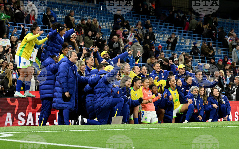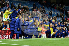 Brazil's players and staff celebrate after an international women's friendly soccer match between England and Brazil in Manchester, England, Saturday, Oct. 25, 2025. (Cody Froggatt/PA via AP)
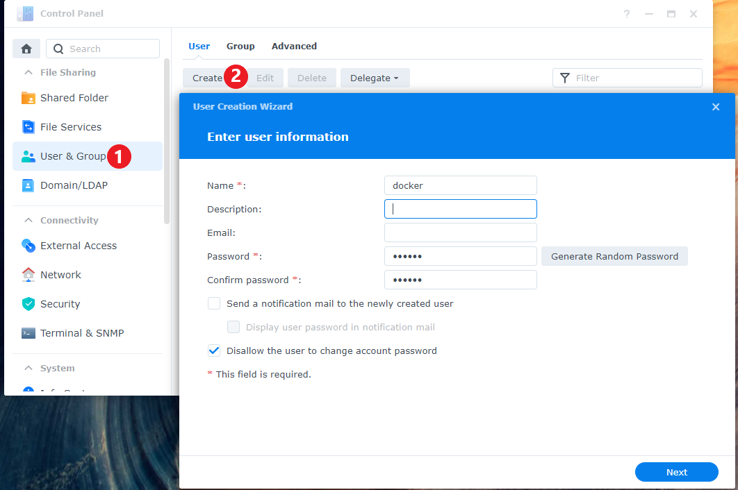 We are going to create a new user that only has access to the share(s) that we use for the containers to run. You should not have the containers run as an admin/root user.
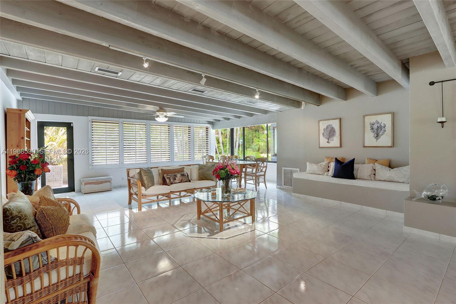 Sprawling 5 bedroom, 4 bath home is nestled on an acre of gracious oaks and lush greenery. Meandering pathways lead to quiet spots for relaxation and nature watching. Unique home has oversized windows showcasing serene views. Wood vaulted ceiling accents main living. Expansive primary suite features spacious sitting area with skylights and plantation shutters overlooking lush gardens. Gather with friends in the large entertainment room with mahogany pub-style bar. Home boasts office space, fireplace, and generously sized rooms. Kitchen features Corian counters, sleek Italian cabinetry, and built in Sub Zero.
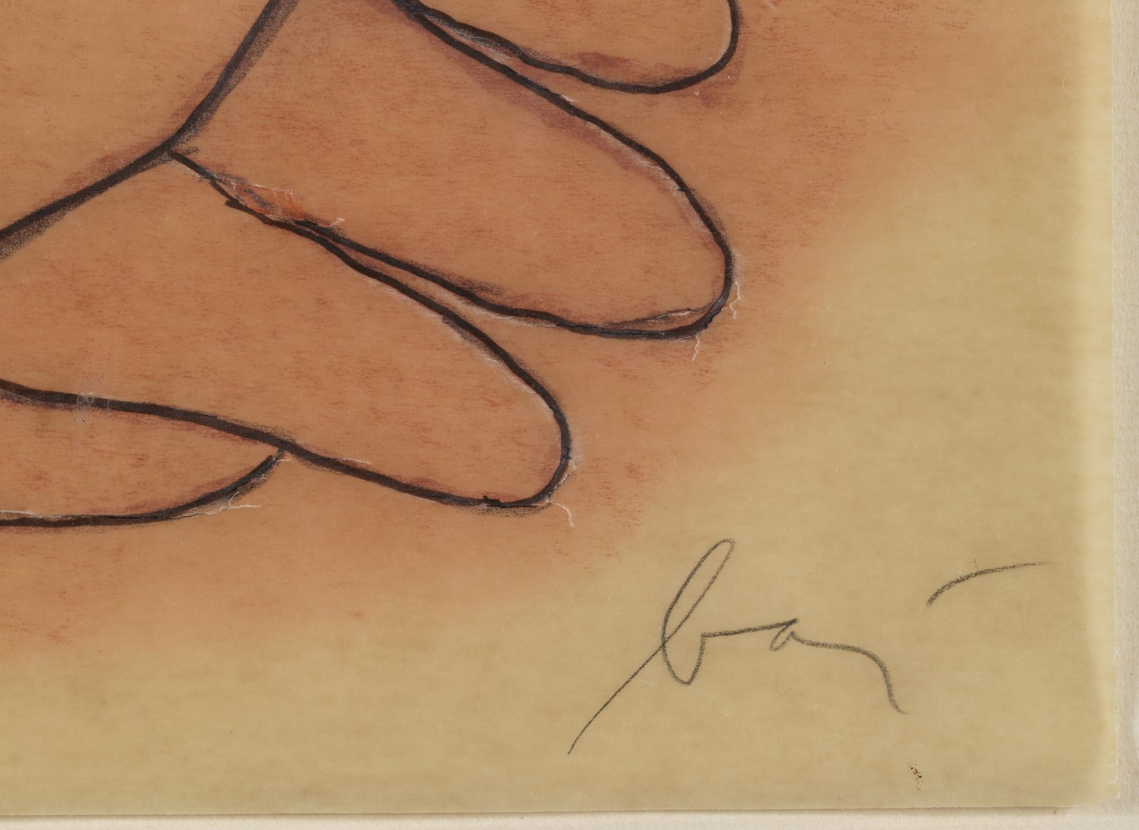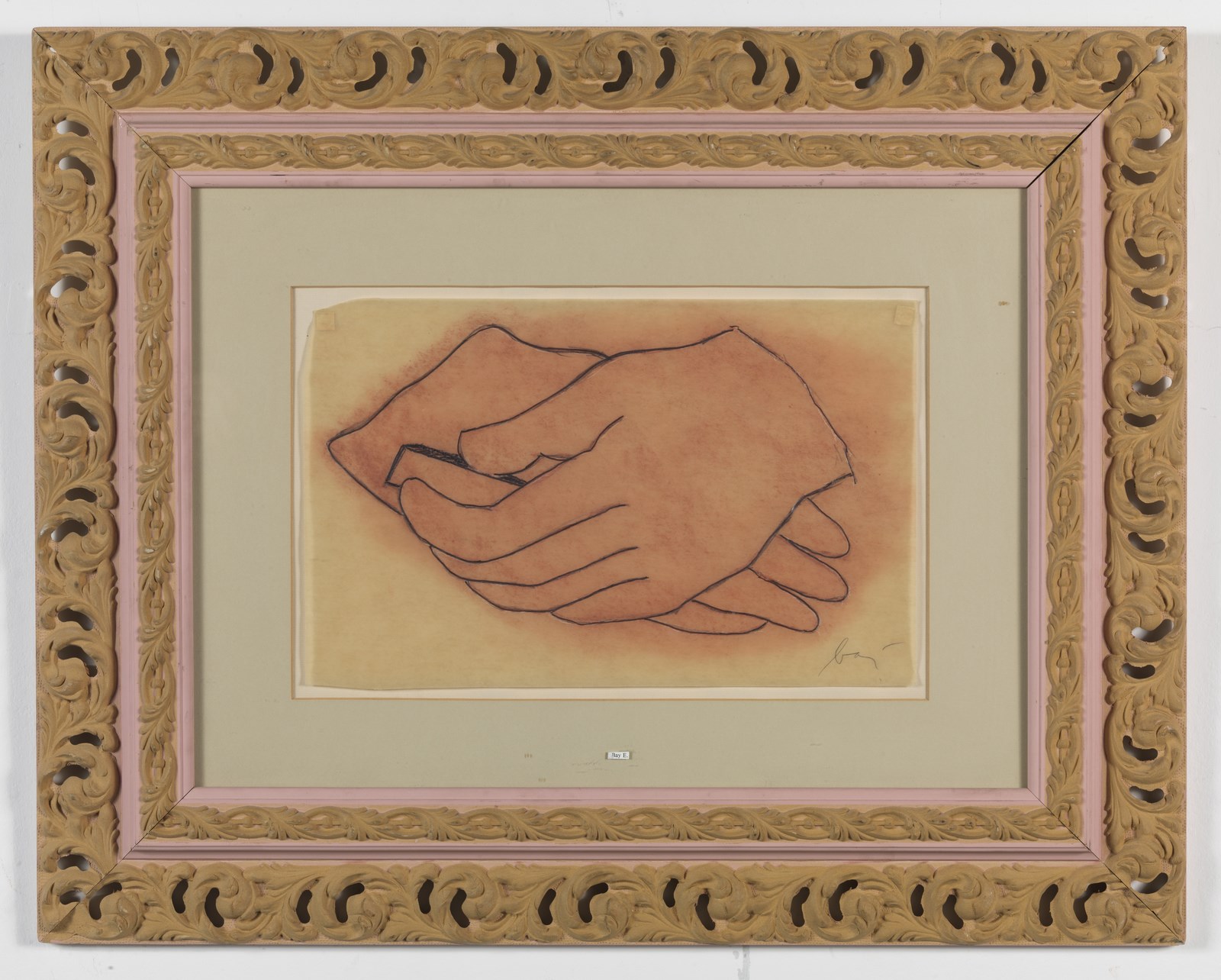 BAJ ENRICO (1924 - 2003) Studio per le mani di Milton,. 1971. Tecnica mista su carta. Cm 35,00 x 22,40. Firma in basso a destra. Autentica su fotografia di Roberta Cerini Baj. Si ringrazia la Sig.ra Roberta Cerini Baj per aver confermato l'autenticità dell'opera e dell'autentica. Difetti. Cornice presente

* **ASSIGNMENT**: Please write out all of the data verbatim, with no pictures in the copy.

* **EXERCISE SOLUTION**:
 Brazil's players and staff celebrate after an international women's friendly soccer match between England and Brazil in Manchester, England, Saturday, Oct. 25, 2025. (Cody Froggatt/PA via AP)
 We are going to create a new user that only has access to the share(s) that we use for the containers to run. You should not have the containers run as an admin/root user.
 Sprawling 5 bedroom, 4 bath home is nestled on an acre of gracious oaks and lush greenery. Meandering pathways lead to quiet spots for relaxation and nature watching. Unique home has oversized windows showcasing serene views. Wood vaulted ceiling accents main living. Expansive primary suite features spacious sitting area with skylights and plantation shutters overlooking lush gardens. Gather with friends in the large entertainment room with mahogany pub-style bar. Home boasts office space, fireplace, and generously sized rooms. Kitchen features Corian counters, sleek Italian cabinetry, and built in Sub Zero.
 BAJ ENRICO (1924 - 2003) Studio per le mani di Milton,. 1971. Tecnica mista su carta. Cm 35,00 x 22,40. Firma in basso a destra. Autentica su fotografia di Roberta Cerini Baj. Si ringrazia la Sig.ra Roberta Cerini Baj per aver confermato l'autenticità dell'opera e dell'autentica. Difetti. Cornice presente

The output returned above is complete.